The measures are part of Hollande’s dual drive to balance

France’s budget by 2017 while persuading Europe’s paymaster

Germany to back his call for a growth stimulus package of some

120 billion euros ($152 billion) for Europe.

Inheriting a stagnant economy and unemployment running at a

13-year high of 10 percent, Hollande faces a delicate balancing

act to prevent contagion from the deepening crisis in Spain and

Italy spreading to the euro zone’s second-largest economy.

Appearing to prepare the nation for possible tough measures,

Interior Minister Manuel Valls said the government would stick

to its pledge to cut the deficit while honouring promises to

raise spending on education and security.

With growth at a standstill and the European Commission

warning that France needs to trim spending to meet its 2013

deficit goal, analysts see some belt-tightening necessary. The

country has one of the highest levels of state spending in

Europe and posted a budget deficit of 5.2 percent of GDP last

year.

“We need to sort out this country: every Frenchman will need

to make an effort but fairly, via a tax reform. It will be

difficult but that is the task facing us,” Valls told RTL radio.
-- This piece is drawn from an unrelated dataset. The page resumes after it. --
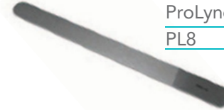
ProLyne nail file & foot dresser (20cm)

BNP Paribas economist Dominique Barbet said the Socialist

majority – which came as the pro-bailout New Democracy narrowly

won a Greek election – could allow France to implement

structural reforms and austerity measures which would otherwise

have been blocked by the far left.

The government has commissioned a thorough review of its

finances by the state auditor, which has repeatedly warned of

overspending in recent years. Many observers expect Hollande to

use this to water down his campaign spending promises.

A spokeswoman for the audit office said the report had been

postponed until July 2-4 from an initial release date of June 28

to fit with the agenda of Prime Minister Jean-Marc Ayrault, who

will detail government plans in a July 3 speech to parliament.

That allows the government to postpone a difficult

discussion of how it intends to compensate for the decrease in

tax revenues until after a June 28-29 EU summit where Hollande

will press leaders to back his growth pact for struggling euro

zone economies.

“COMPETITIVENESS DEFICIT”

Valls said that a resurgence by the extreme right – which

returned to parliament for the first time since the mid-1980s

with three seats – was due to widespread disenchantment with the

economic situation, which could be seen across Europe.

“We need to mobilise our European partners because piling

austerity on top of austerity will lead to tragedy and a deep

rift between Europeans and their politicians,” he said.

Hollande was expected to press the case for growth measures

at a summit of G20 leaders in Mexico on Monday.

He travels to Rome on Friday to meet Italian Prime Minister

Mario Monti, German Chancellor Angela Merkel and Spanish Prime

Minister Mariano Rajoy and discuss closer political union and

unified bank regulation in Europe, also on the EU summit agenda.

Amid rising tensions between Paris and Berlin, Merkel has

rebuffed Hollande’s calls for joint euro zone bonds to resolve

the crisis. She bluntly warned on Friday that France needed to

urgently look to its own flagging competitiveness.

“The question everyone is asking is what will France do in

terms of structural reforms and policies to stimulate growth

since there is a broad agreement that France has a serious

competitiveness deficit,” said Jean Pisani-Ferry, director of

the Bruegel think-tank in Brussels.

Government spokeswoman Najar Vallaud-Belkacem welcomed New

Democracy’s victory in Greece’s parliamentary election, which

relegated the anti-bailout SYRIZA party to second place and gave

some relief to financial markets on Monday.

“We are pleased that they have chosen the euro,” she said.

“We are ready to help them with this. President Hollande fought

to put growth back on the European agenda precisely to send a

positive signal to the Greeks.”

Ayrault is expected to name a permanent cabinet on Thursday,

with no major changes expected from the interim team in place

since mid-May, after top ministers won their parliament seats.

The conservative UMP party, whose weight in the National

Assembly has plunged by more than 100 seats to 194, seems

destined for a leadership battle after former leader Nicolas

Sarkzoy lost May’s presidential election.